#### Activity
Print the listing below exactly, images excluded.

#### Data shown
-- Opening Marker --

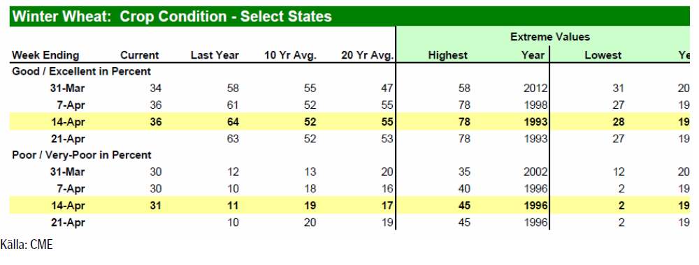 USDA bekräftar att frost har skadat somliga höstgrödor som har kommit ur vintervilan, och som då är mer utsatta för kyla. Bl.a i Kansas, oroar sig lantbrukarna över de låga temperaturernas påverkan på grödorna, men det är fortfarande för tidigt att avgöra skadornas omfattning. I måndagens Crop Progress rapport från USDA så klassas dock fortfarande 36% av det amerikanska höstvetet som ”good/excellent” vilket är oförändrat från förra veckan, men givetvis mycket lägre än förra årets 64% vid samma tid, men samtidigt bättre än vad marknaden hade förväntat sig. Andelen grödor klassade som ”poor/very poor” har dock ökat med 1% till 31%.
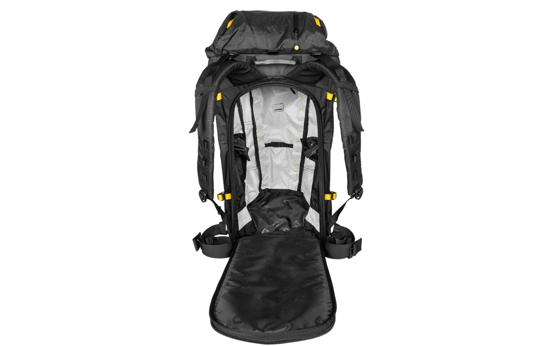 Slings, laces, ice axe holder, and belt are concealable. Large and fast upper opening to obtain perfect functionality. Zip opening on the back for easy access in any situation.
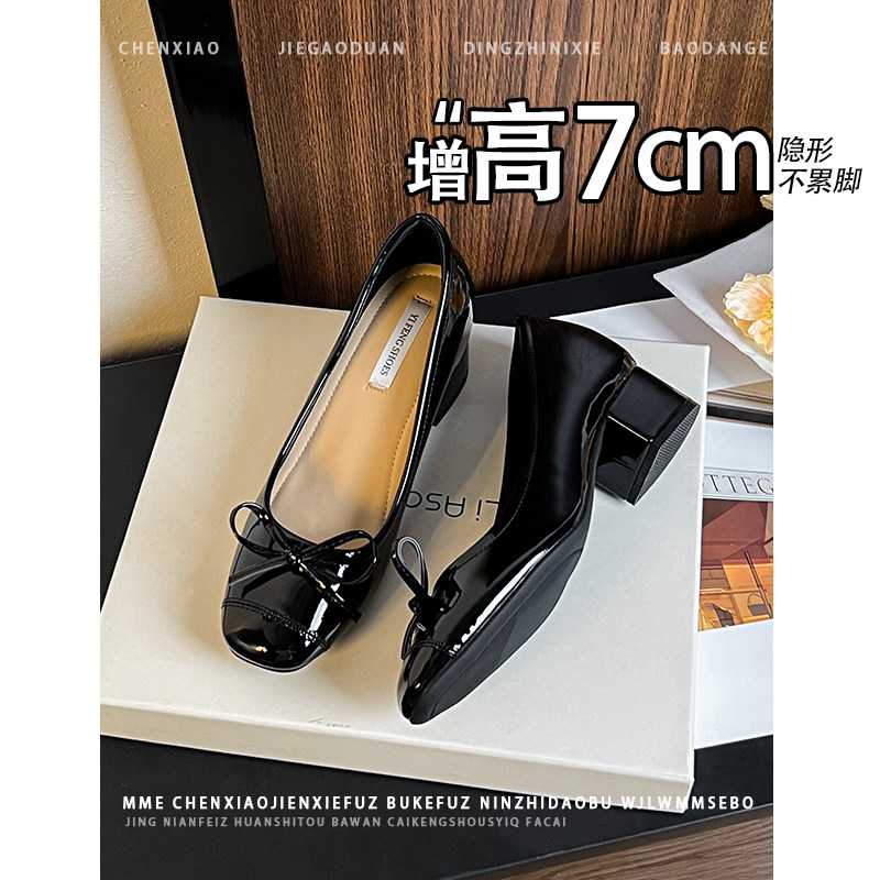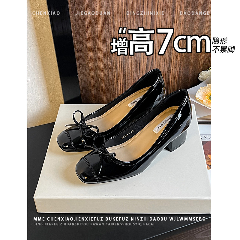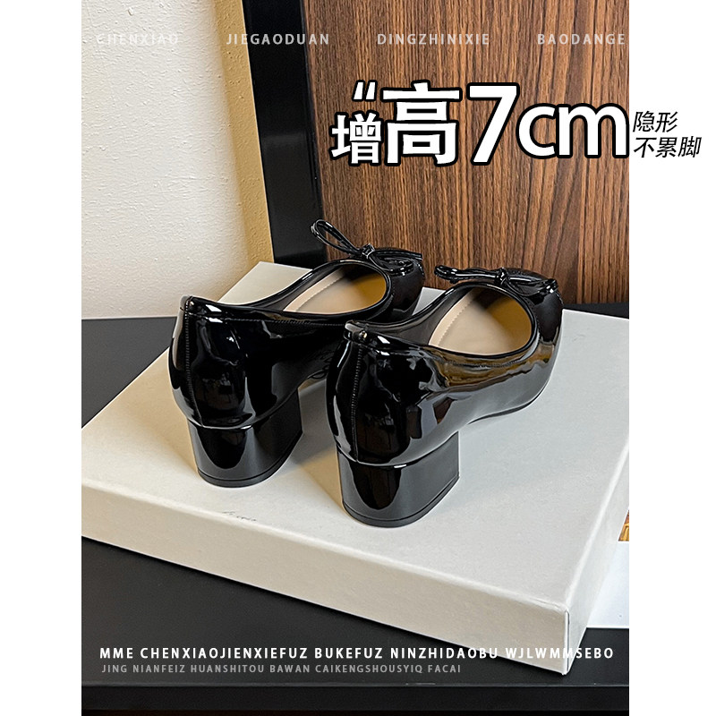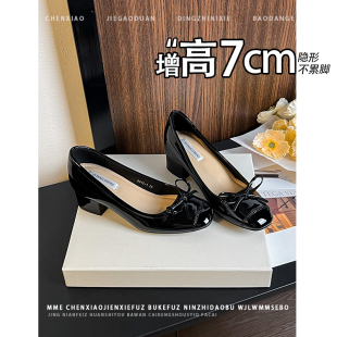 单鞋 粗跟黑色高跟鞋 女 隐形内增高7CM蝴蝶结2026春夏新款 不累脚

-- Closing Marker --

#### Answer to this exercise
 USDA bekräftar att frost har skadat somliga höstgrödor som har kommit ur vintervilan, och som då är mer utsatta för kyla. Bl.a i Kansas, oroar sig lantbrukarna över de låga temperaturernas påverkan på grödorna, men det är fortfarande för tidigt att avgöra skadornas omfattning. I måndagens Crop Progress rapport från USDA så klassas dock fortfarande 36% av det amerikanska höstvetet som ”good/excellent” vilket är oförändrat från förra veckan, men givetvis mycket lägre än förra årets 64% vid samma tid, men samtidigt bättre än vad marknaden hade förväntat sig. Andelen grödor klassade som ”poor/very poor” har dock ökat med 1% till 31%.
 Slings, laces, ice axe holder, and belt are concealable. Large and fast upper opening to obtain perfect functionality. Zip opening on the back for easy access in any situation.
 单鞋 粗跟黑色高跟鞋 女 隐形内增高7CM蝴蝶结2026春夏新款 不累脚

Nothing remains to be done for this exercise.